Collected data entries
◇ ◇ ◇
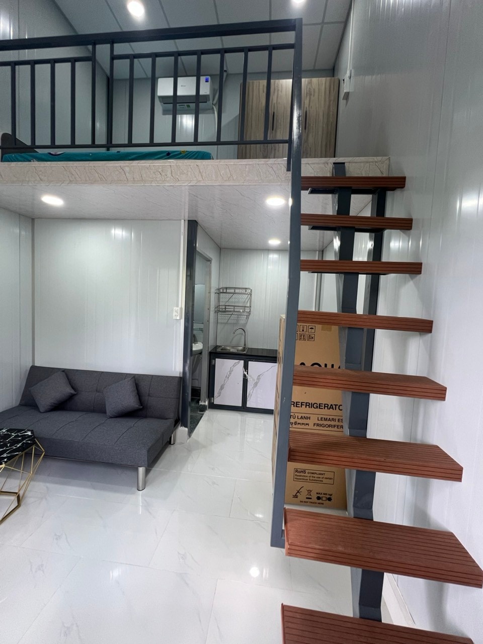 A localização do edifício é no bairro de An Binh. Uma grande fila de carros a caminho do espaço. Terá acesso ao edifício ao digitalizar a sua impressão digital no portão; em seguida, apanhará o elevador até ao 3.º andar e, depois, continuará a subir as escadas até ao último piso. No terraço, apenas esse quarto é seu. Tem um terraço muito grande, pode fazer uma festa ao ar livre, apanhar ar, uma vista panorâmica de 360 graus em redor do edifício. Além disso, o quarto está totalmente equipado com todo o mobiliário, para que possam ficar, cozinhar e viver como se estivessem em casa.
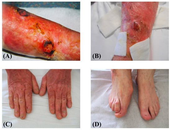 Patient clinical features. (A) The skin of the left leg is diffusely erythematous with several blisters, crusts, and two nodular lesions with hyperkeratotic borders, suggestive for squamous cell carcinoma (SCC), and (B) the right leg skin shows similar features and a single nodular lesion, also suggestive of SCC; the three nodular lesions were excised and the diagnosis confirmed by histopathology. (C) Skin atrophy, dyspigmentation and a few small crusts of the digits and hand dorsum. The fingernails are markedly dystrophic or absent; (D) absence of toenails.
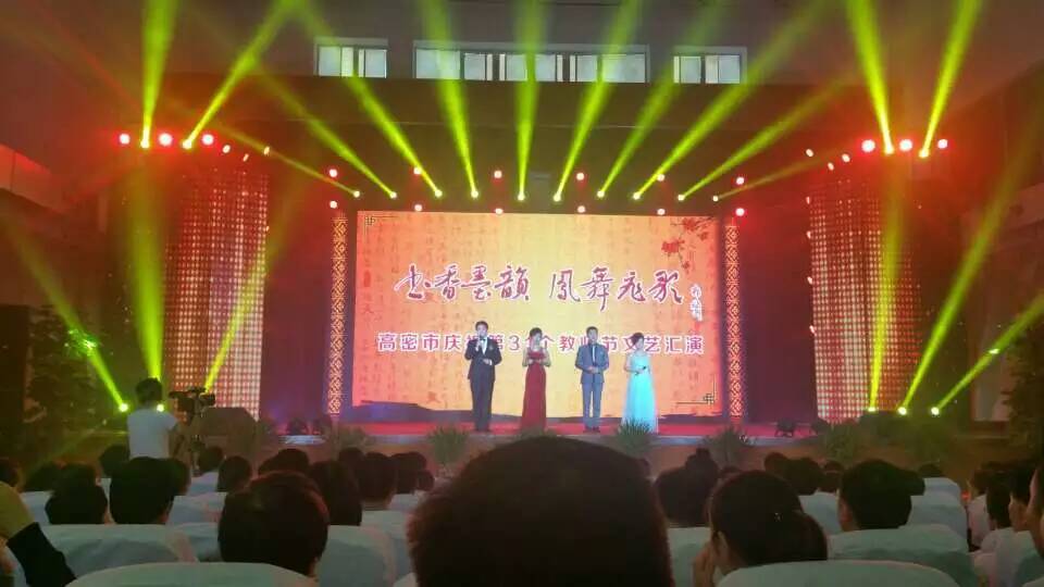 2015年9月2日,山教国际董事长、简达外语校长单连顺受邀参加高密市庆祝”第31个教师节文艺汇演“。
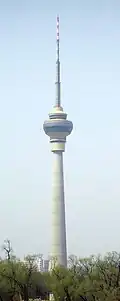 🌍Central TV Tower(中央电视塔 Zhōngyāng Diànshìtǎ),11 West 3rd Ring Rd Central(southwest of the Hangtianqiao Nan (航天桥南) bus stop on 3rd Ring Rd).A tower with an observation deck at the height of 238 meters, providing a view of central Beijing. Below the observation deck is a dedicated television cultural center at 235 m, with a virtual television studio scene. A revolving restaurant at 221 meters provides both food and scenery.¥90 for admission ticket; ¥258 for lunch at the revolving restaurant; ¥308 for dinner at the revolving restaurant.
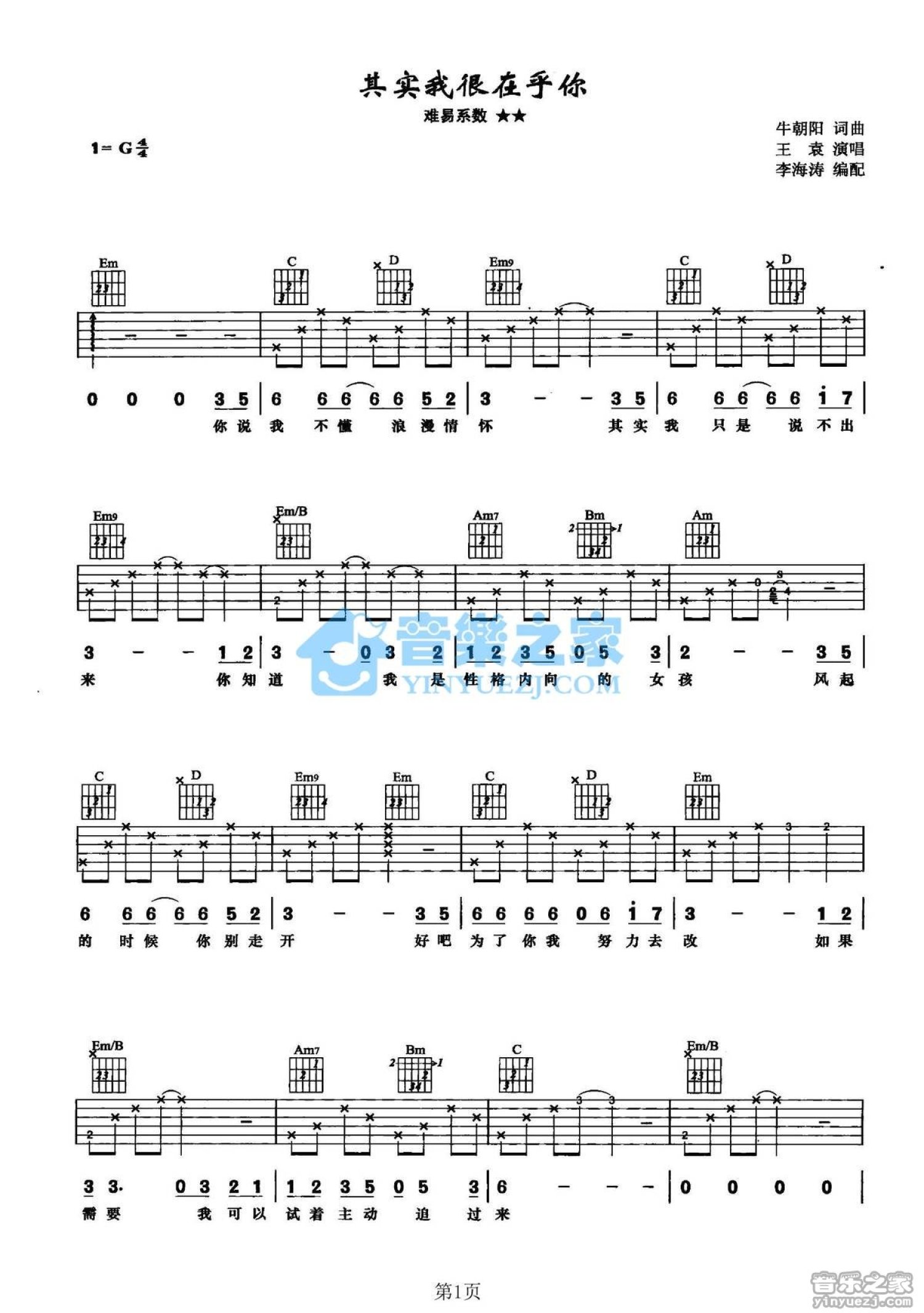 曲谱介绍: G调版王袁《其实我很在乎你》吉他弹唱六线谱
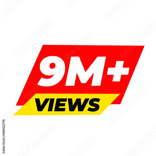 9M+ views png, viral trending icon, red colour badge, social media tag,
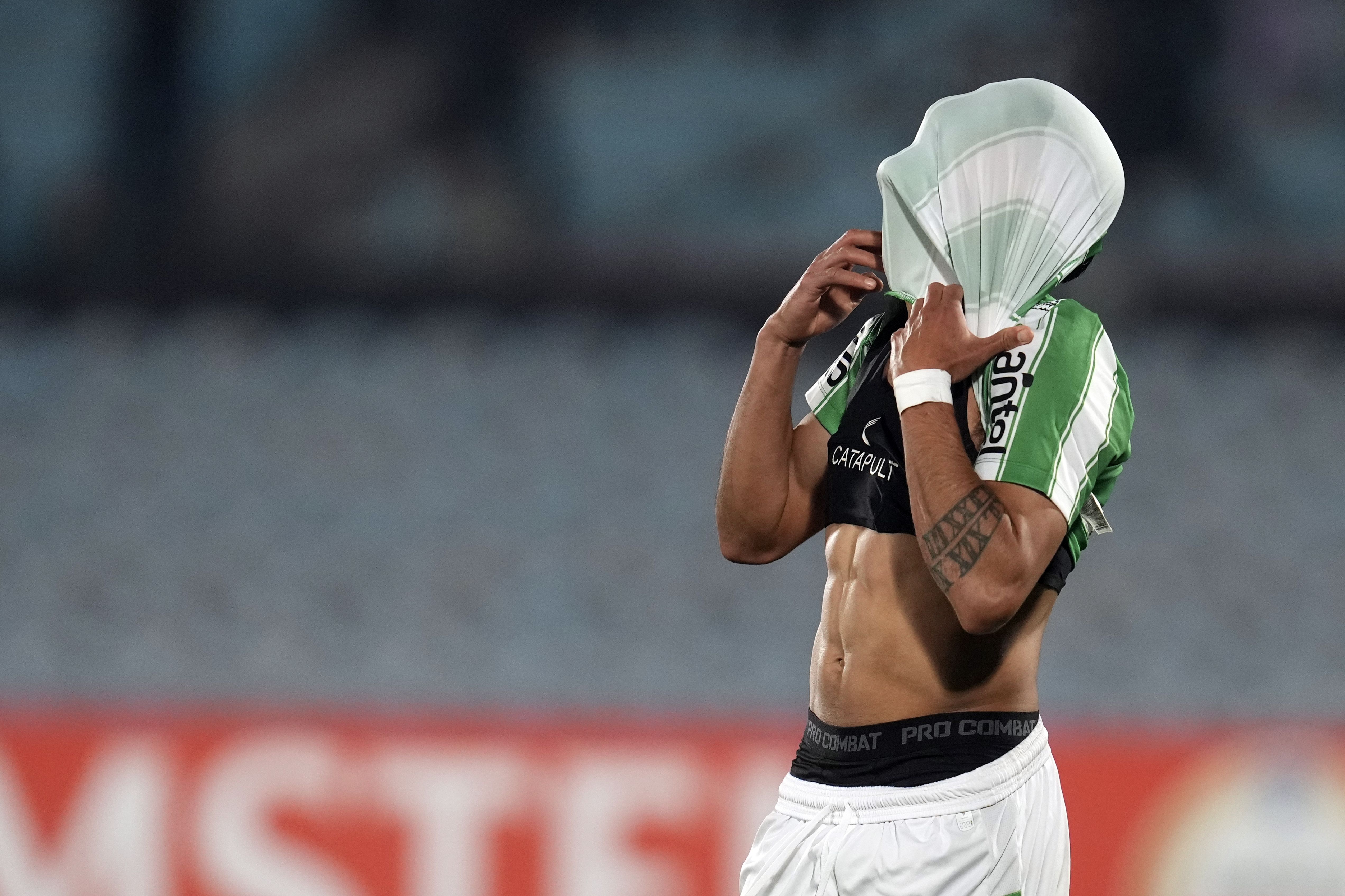 Lucas Rodriguez of Uruguay's Racing reacts after missing a penalty during a Copa Sudamericana playoffs soccer match against Chile's Huachipato at Centenario stadium in Montevideo, Uruguay, Tuesday, July 23, 2024. (Photo by Matilde Campodonico/AP Photo)
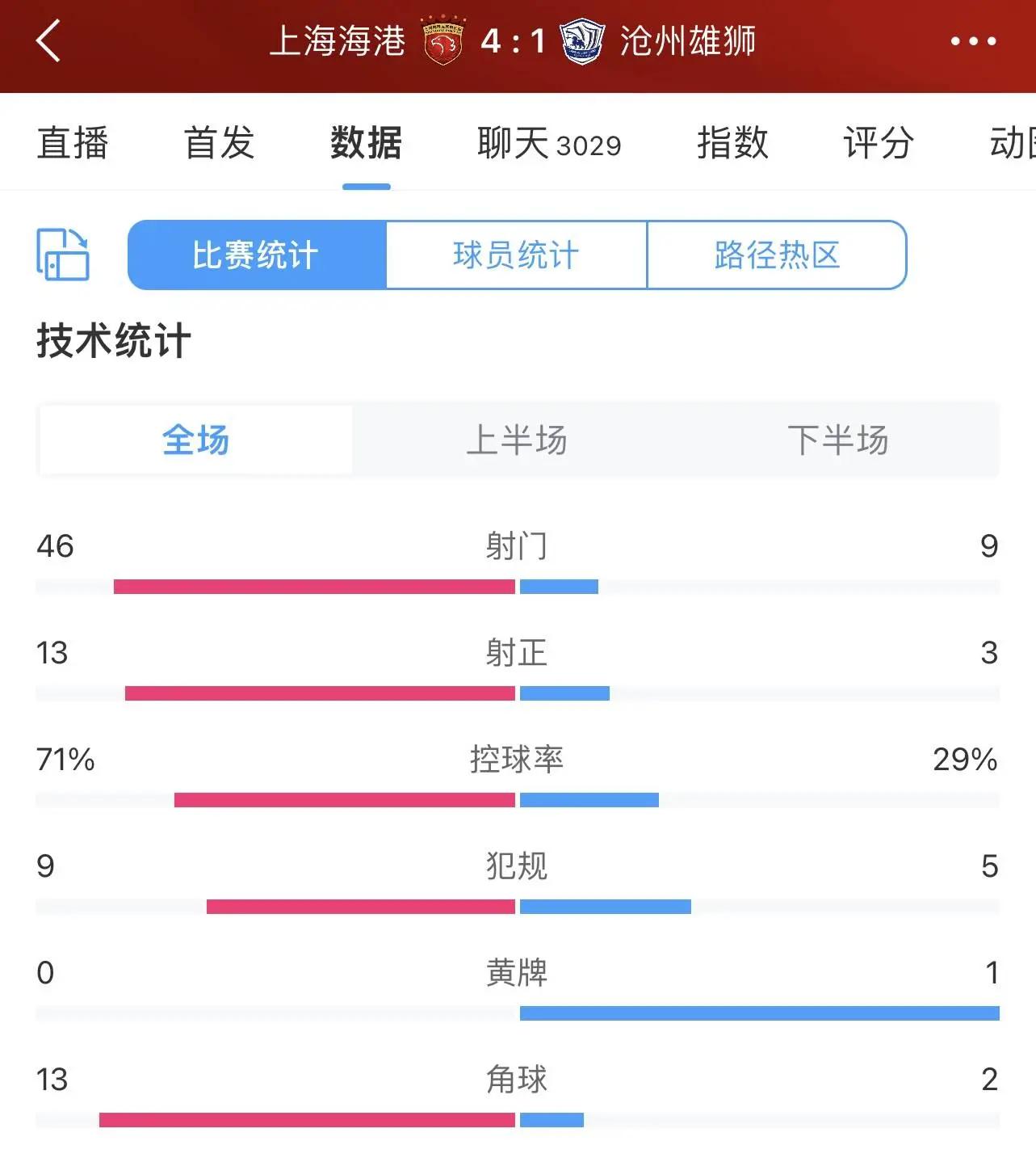 奥斯卡戴帽,武磊传射。海港全场46次射门,13次射正,打入4球,46次射门创有数据统计以来的中超历史新高。
◇ ◇ ◇
Copy out all the records exactly, excluding pictures.

 A localização do edifício é no bairro de An Binh. Uma grande fila de carros a caminho do espaço. Terá acesso ao edifício ao digitalizar a sua impressão digital no portão; em seguida, apanhará o elevador até ao 3.º andar e, depois, continuará a subir as escadas até ao último piso. No terraço, apenas esse quarto é seu. Tem um terraço muito grande, pode fazer uma festa ao ar livre, apanhar ar, uma vista panorâmica de 360 graus em redor do edifício. Além disso, o quarto está totalmente equipado com todo o mobiliário, para que possam ficar, cozinhar e viver como se estivessem em casa.
 Patient clinical features. (A) The skin of the left leg is diffusely erythematous with several blisters, crusts, and two nodular lesions with hyperkeratotic borders, suggestive for squamous cell carcinoma (SCC), and (B) the right leg skin shows similar features and a single nodular lesion, also suggestive of SCC; the three nodular lesions were excised and the diagnosis confirmed by histopathology. (C) Skin atrophy, dyspigmentation and a few small crusts of the digits and hand dorsum. The fingernails are markedly dystrophic or absent; (D) absence of toenails.
 2015年9月2日,山教国际董事长、简达外语校长单连顺受邀参加高密市庆祝”第31个教师节文艺汇演“。
 🌍Central TV Tower(中央电视塔 Zhōngyāng Diànshìtǎ),11 West 3rd Ring Rd Central(southwest of the Hangtianqiao Nan (航天桥南) bus stop on 3rd Ring Rd).A tower with an observation deck at the height of 238 meters, providing a view of central Beijing. Below the observation deck is a dedicated television cultural center at 235 m, with a virtual television studio scene. A revolving restaurant at 221 meters provides both food and scenery.¥90 for admission ticket; ¥258 for lunch at the revolving restaurant; ¥308 for dinner at the revolving restaurant.
 曲谱介绍: G调版王袁《其实我很在乎你》吉他弹唱六线谱
 9M+ views png, viral trending icon, red colour badge, social media tag,
 Lucas Rodriguez of Uruguay's Racing reacts after missing a penalty during a Copa Sudamericana playoffs soccer match against Chile's Huachipato at Centenario stadium in Montevideo, Uruguay, Tuesday, July 23, 2024. (Photo by Matilde Campodonico/AP Photo)
 奥斯卡戴帽,武磊传射。海港全场46次射门,13次射正,打入4球,46次射门创有数据统计以来的中超历史新高。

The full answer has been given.